WERTHEIMER: So, the point of the ad is that the guy looks at his credit card balance and decides what he could spend for a big-screen TV. Do you think that the ad companies here are more realistic or just more crafty?

Mr. STEVENSON: A lot of readers in my column on Slate wrote in to me about this ad because the original version of the ad just had the guy sort of, you know, running in this consumer frenzy, and then they changed the ad and added this voiceover where he says, just don't go overboard. And I think the idea is the ad felt a little bit out of step with the mood of the country and they realized that. The idea of being, in this consumer-frenzy and running out with your credit card, maybe wasn't touching on how we were feeling at the moment. And so they added that voiceover and of course, the song still says, I want it all, I want it now, but they just sort of hedged their bets a little bit.

(Soundbite of laughter)

WERTHEIMER: Obviously, car commercials have had to turn on a dime and there are a lot of ads around like this one.

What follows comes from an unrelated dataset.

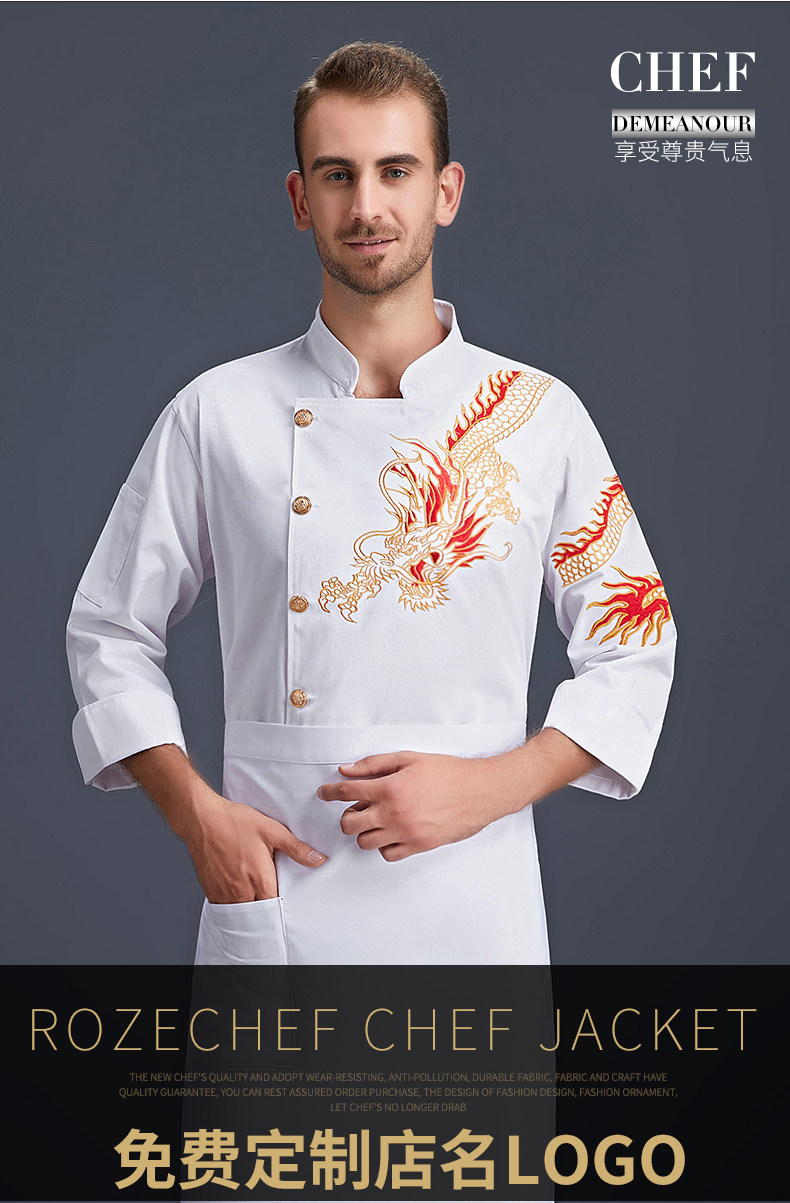 Доминирующий повар дракона Главный рабочий сервер короткий -Нарушение мужской летняя кухня Золотая Дракона Административная кухня черная кухня кухня бабушка

(Soundbite of car commercial)

Unidentified Man #5: Let's refuel America.

Unidentified Man #6: Announcing the Chrysler Jeep $2.99 gas guarantee.

Unidentified Man #5: Right now when you buy or lease most Chrysler or Jeep vehicles, you'll pay just $2.99 a gallon per gas or diesel...

WERTHEIMER: It feels like these ads showed up right away when gas prices started to zoom. I mean, can they really make decisions about ad campaigns and produce them and just do it suddenly like this?

Mr. STEVENSON: Oh, sure. They can do a pretty quick turnaround. With car brands, some brands like, say, a Mercedes, are never going to advertise on price. Their brand isn't about getting a bargain. Other brands, no matter what the economic situation is, they're always going to advertise on price. But for brands in the middle, they'll shift their emphasis back and forth. But in times like these they might fall back on emphasizing the mileage because people are really concerned about those four-dollar gas prices.

WERTHEIMER: Ad critic Seth Stevenson from Slate. Thanks very much

Mr. STEVENSON: Thank you.

WERTHEIMER: You're listening to Weekend Edition from NPR News.